RuntimeError: Initialization failed

Greetings, everybody. Trying to model a probability of goal from a shot using a bernoulli logit model. I have a working implementation in PyStan in Jupyter Notebook, but the sampling isn’t run. This code trhow me an initialization error.

goals_model = """
data {
    int<lower=0> N; // number of observations (8238 solo jugadores con >5) (8451 todos los tiros)
    int players; // number of players (331 solo jugadores con >5) (426 todos los jugadores con tiros)
    int glk; // number of goalkeepers 38
    int zones; // number of field zones 8
    int time; // number of time frames 7
    int res; // types of results (winning, losing, tying)
    int loc; // localia
    int<lower=1,upper=players> player_id[N];
    int<lower=1,upper=glk> glk_id[N];
    int<lower=1,upper=zones> cat_zone[N];
    int<lower=1,upper=time> time_frame[N];
    int<lower=1,upper=res> cat_res[N];
    int<lower=1,upper=loc> localia[N];
    int goal[N]; // dependent variable
parameters {

    real alpha; // intercept
    vector[players] beta_player; // coefficient associated with each player
    vector[glk] beta_glk; // coefficient associated with each goalkeeper
    vector[zones] beta_zones; // coefficient associated with each zone
    vector[time] beta_time; // coefficient associated with each time frame
    vector[res] beta_res; // coefficient associated with each result
    vector[loc] beta_loc; // coefficient associated with each type of localia
    real epsilon; //Uncertainty / unexplained variance
model {
    // priors
    alpha ~ normal(0,1);
    beta_player ~ beta(3.44,7.34);
    beta_glk ~ normal(-0.05,0.38);
    beta_zones ~ normal(-0.17,0.58);
    beta_time ~ normal(-0.23,0.37);
    beta_res ~ normal(-0.5,0.5);
    beta_loc ~ normal(-0.78,0.6);
    goal ~ bernoulli_logit(alpha + beta_player[player_id] + beta_glk[glk_id] + 
        beta_zones[cat_zone] + beta_time[time_frame] + beta_res[cat_res] + beta_loc[localia]);

When i tried with this settings, the initialization it does not start.

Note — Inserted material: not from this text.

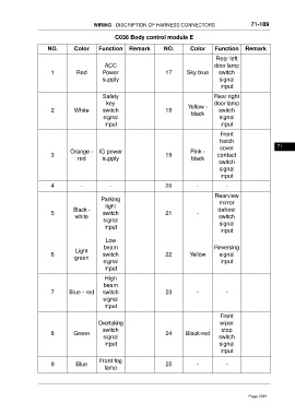 WIRING - DISCRIPTION OF HARNESS CONNECTORS 71-189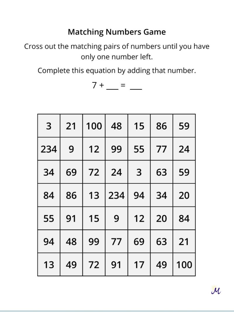 In this number puzzle, there are pairs of matching numbers in the grid. Search and cross off each pair as you find it. When all the pairs are matched, you’ll be left with just one number. Use it to complete the equation, and write down your final answer.

goal_fit = goal_reg.sampling(data=datos,
                          iter=2000, chains=4,
                          warmup=500, n_jobs=-1,

I hope you can help me.

You need to set bounds on some of your parameters. The first that jumps out to me is beta_player – your beta distribution prior restricts this parameter to be between 0 and 1. In your parameters block, you likely should have vector<lower=0,upper=1>[players] beta_player;.

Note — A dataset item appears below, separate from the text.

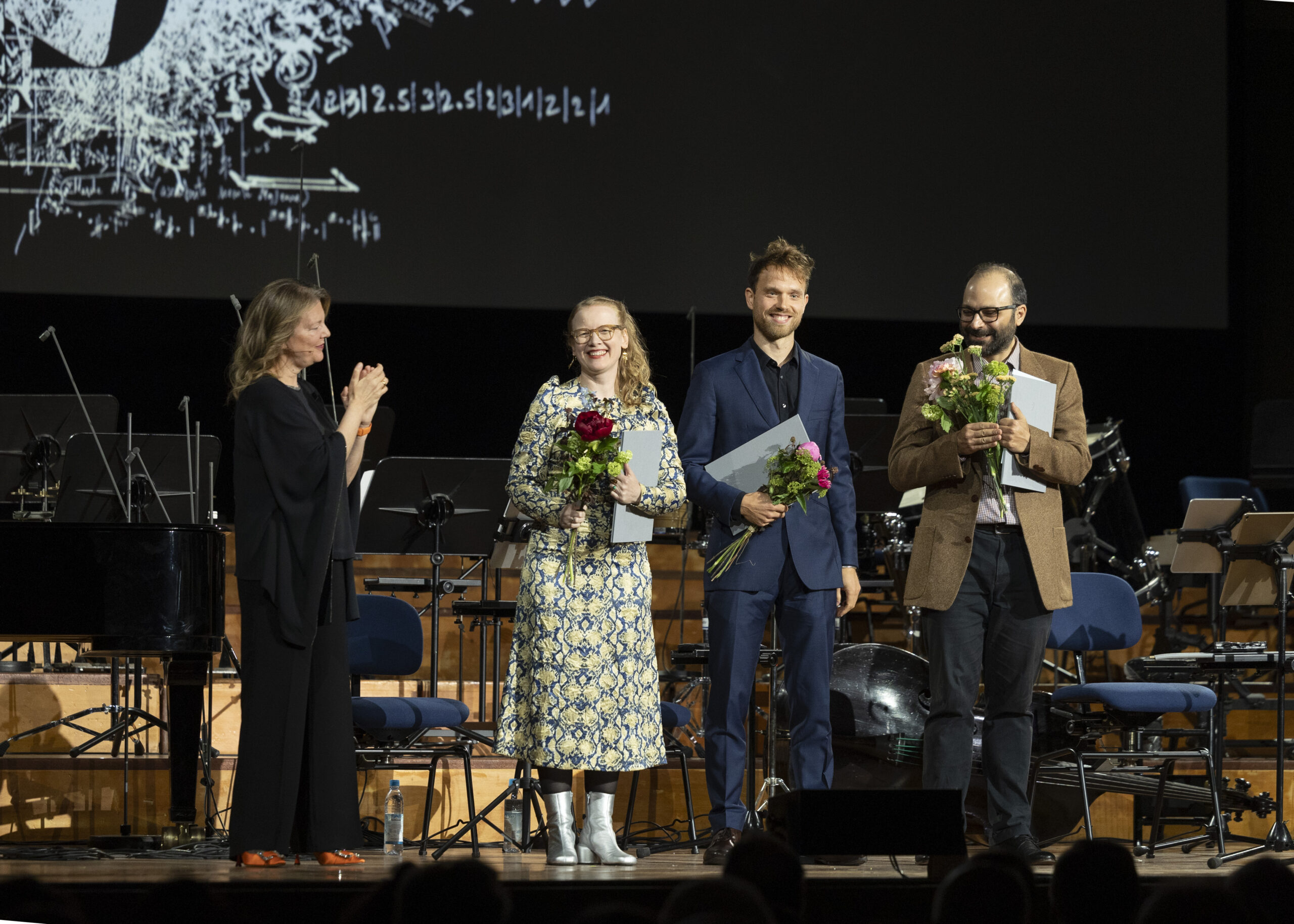 Ilona Schmiel delte ut Ernst von Siemens’ komponistpriser til Kristine Tjøgersen, Bastien David og Ashkan Behzadi. (Foto: Ernst von Siemens Music Foundation | Astrid Ackermann)

When the initialization starts, it starts the sampler in range across the reals by default. As you have no bounds on beta_player, it tries to sample values outside of the support of the beta distribution and throws errors due to the conflict.

Also, you define a parameter epsilon, did you intend to use that in your model?

1 Like

Thanks, i will try again. Do you know if the settings of “n_jobs” or “seed” affects?

Those parameters should not affect this error.